About this exercise
Reproduce the listing that follows word for word, without its pictures.

Dataset content section start

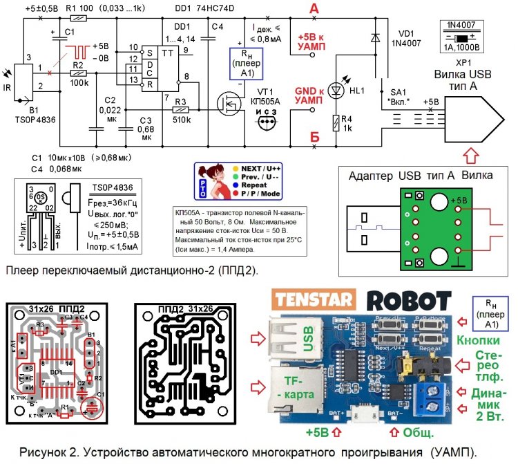 Статья УАМП является руководством по модернизации ППД2 (Плеера, переключаемого дистанционно - 2) - см. рисунок 2 или для других разновидностей плееров, не имеющих принудительной («по умолчанию») установки режима «Repeat» при включении питания.
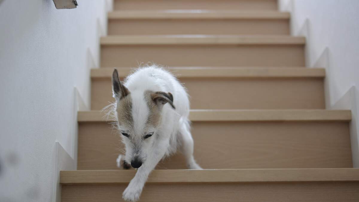 A dog slides down a flight of stairs and gets a nice belly rub during the trip down.
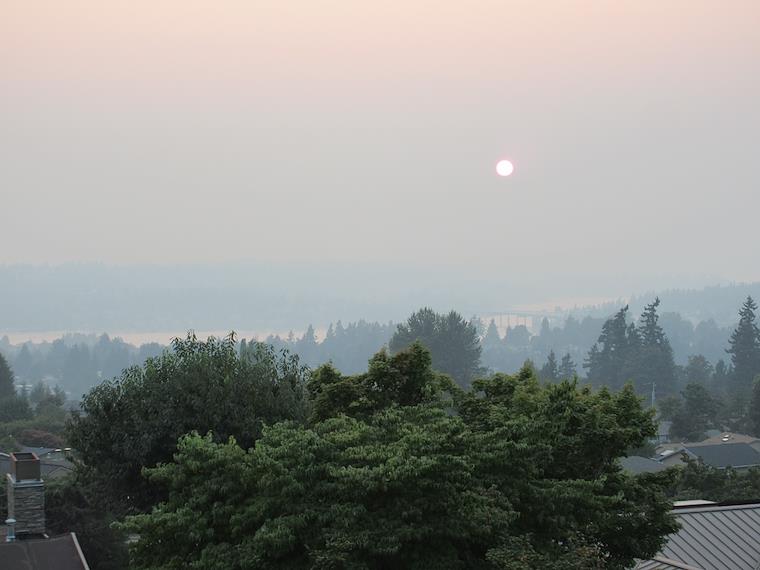 We had lots of smokey days because of forest fires this summer. You can't really see it well in the picture, but the sun was red, and we could barely see Mercer Island

Dataset content section end

Answer for the task
 Статья УАМП является руководством по модернизации ППД2 (Плеера, переключаемого дистанционно - 2) - см. рисунок 2 или для других разновидностей плееров, не имеющих принудительной («по умолчанию») установки режима «Repeat» при включении питания.
 A dog slides down a flight of stairs and gets a nice belly rub during the trip down.
 We had lots of smokey days because of forest fires this summer. You can't really see it well in the picture, but the sun was red, and we could barely see Mercer Island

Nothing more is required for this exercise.